HotSpots H2O: River Dredging Near Chernobyl Risks Radioactive Water Contamination

Chernobyl riverport. © Jorge Franganillo

The dredging of the Pripyat and Dnieper rivers to allow larger ships to pass through began earlier this year at eight different sites, four of which are just a few miles from the remains of the nuclear disaster. The work is meant to restore a 1,240-mile international waterway, known as E40, through Poland, Belarus, and Ukraine, linking the Baltic and Black seas. It would be Europe’s longest inland waterway, 25 times longer than the Panama canal.

An analysis completed by the French nonprofit organization, Acro, with research from the Frankfurt Zoological Society, found that the construction of the waterway will pose an especially high risk to construction workers and people living downstream. It highlighted that millions of Ukrainians depend on both the water and irrigated food that comes from the Dnieper River, where bottom sediments are entirely contaminated from the Chernobyl disaster. The International Atomic Energy Agency strongly advises leaving these sediments in place to avoid resurfacing any of the radioactive contaminants.

Map of the E40 Waterway. © Environmental Justice Atlas

“The fact that they want to build a dam and have boats going just by the bottom of the Chernobyl reactor — for me this is unbelievable,” David Boilley, a nuclear physicist and lead researcher of the Acro study, told The Guardian. “This is the most contaminated part of the exclusion zone.”

The dredging company Sobi said that worker safety is a top priority and that those working on the waterway will be provided with protective equipment and radiation dosimeters. The company also told The Guardian that they had researched radiation in the area and took soil samples. Yet, neither the PPE nor the study was shared.

A feasibility study report was conducted in 2015 by the Maritime Institute of Gdansk, but vital information about the environment and climate change were left out. No environmental impact study was completed prior to construction either, according to Acro.
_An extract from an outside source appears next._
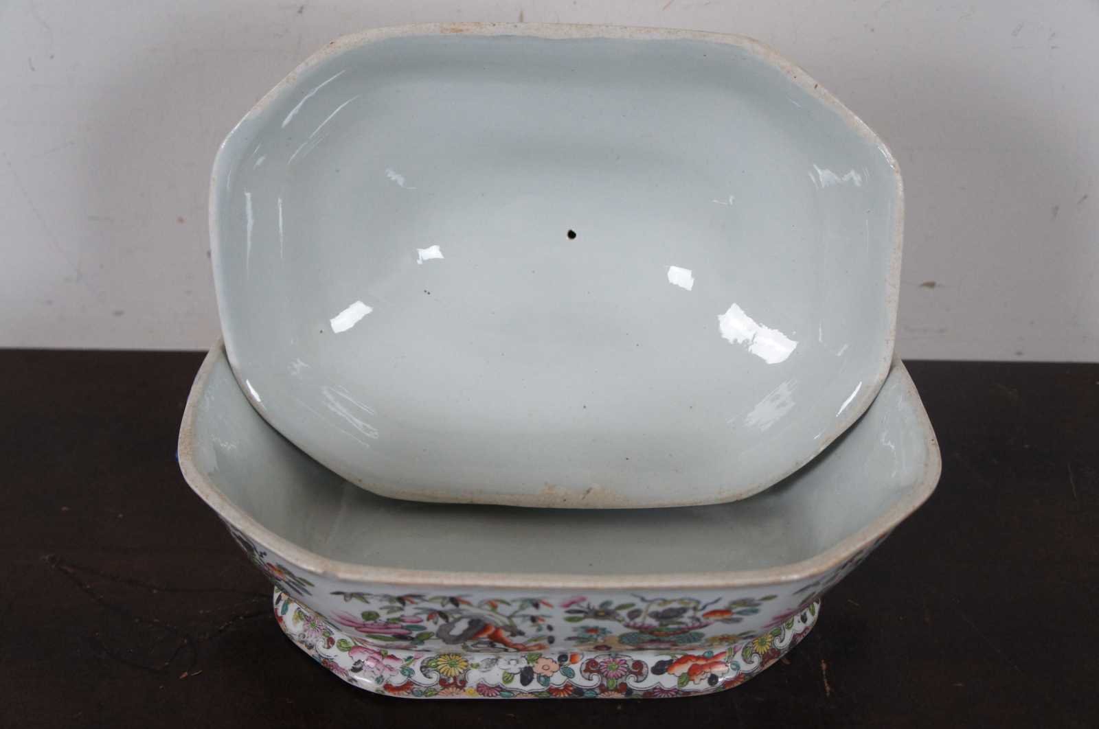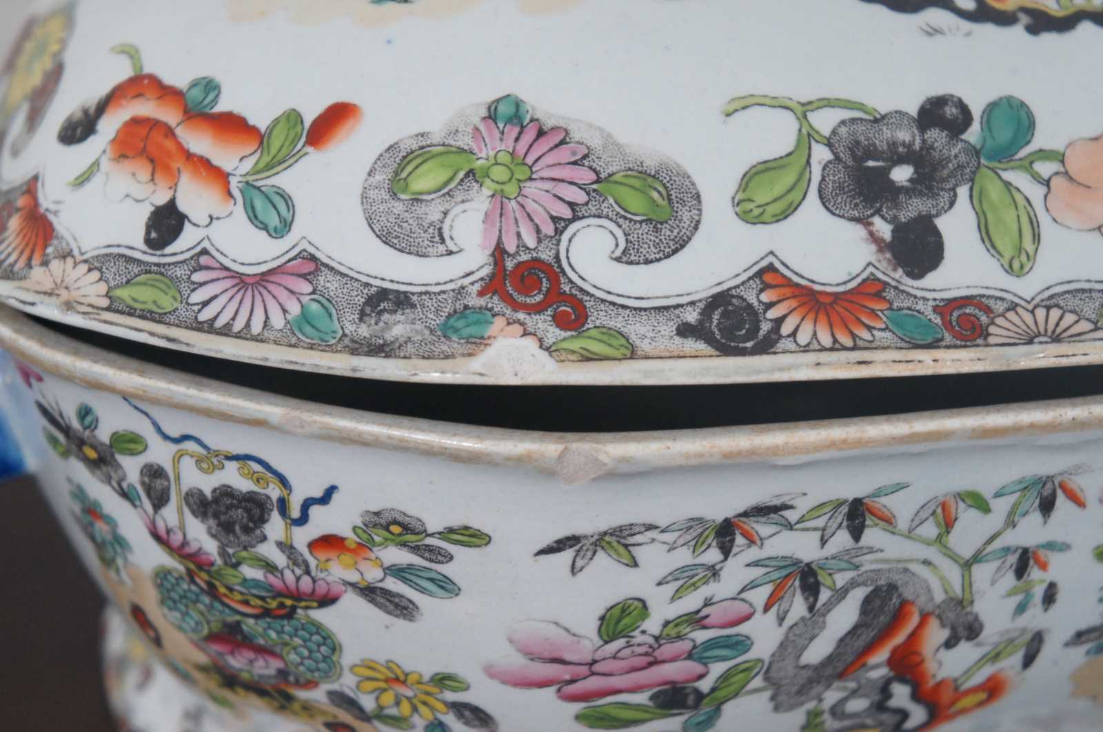 Each piece has a light grey-blue glaze and has been beautifully and carefully hand-painted in a chinoiserie pattern in bold colorful enamels over a transfer printed outline with a dark ochre outer rim.
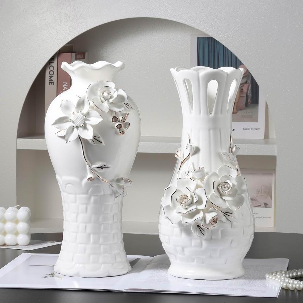 歐式浮雕手工捏花高級陶瓷花瓶送禮佳品客廳擺件水培鮮花裝飾品

The project will also pass through the middle of Polesia, Europe’s largest wetlands, causing unpredictable ecological and hydrological shifts to the landscape and a loss of biodiversity. The construction work would dry up the rivers, affecting 38 internationally protected areas including untouched mires and peat bogs, according to the nonprofit Save Polesia. Over 770 square miles of peatland could be impacted, transforming the carbon sink into a massive source of carbon and potentially resulting in immense yearly emissions.

With the E40 waterway expected to cost over $12 billion euros, opponents of the waterway argue that construction makes little sense considering the harm it may inflict on people and the environment.

“Ukraine should also be true to its commitment to the European Green Deal, which enshrines the ‘do no harm’ principle,” said Irene Lucius, the regional conservation director of WWF Central and Eastern Europe. “Much harm could be done if further Pripyat activities and future E40 measures will be implemented.”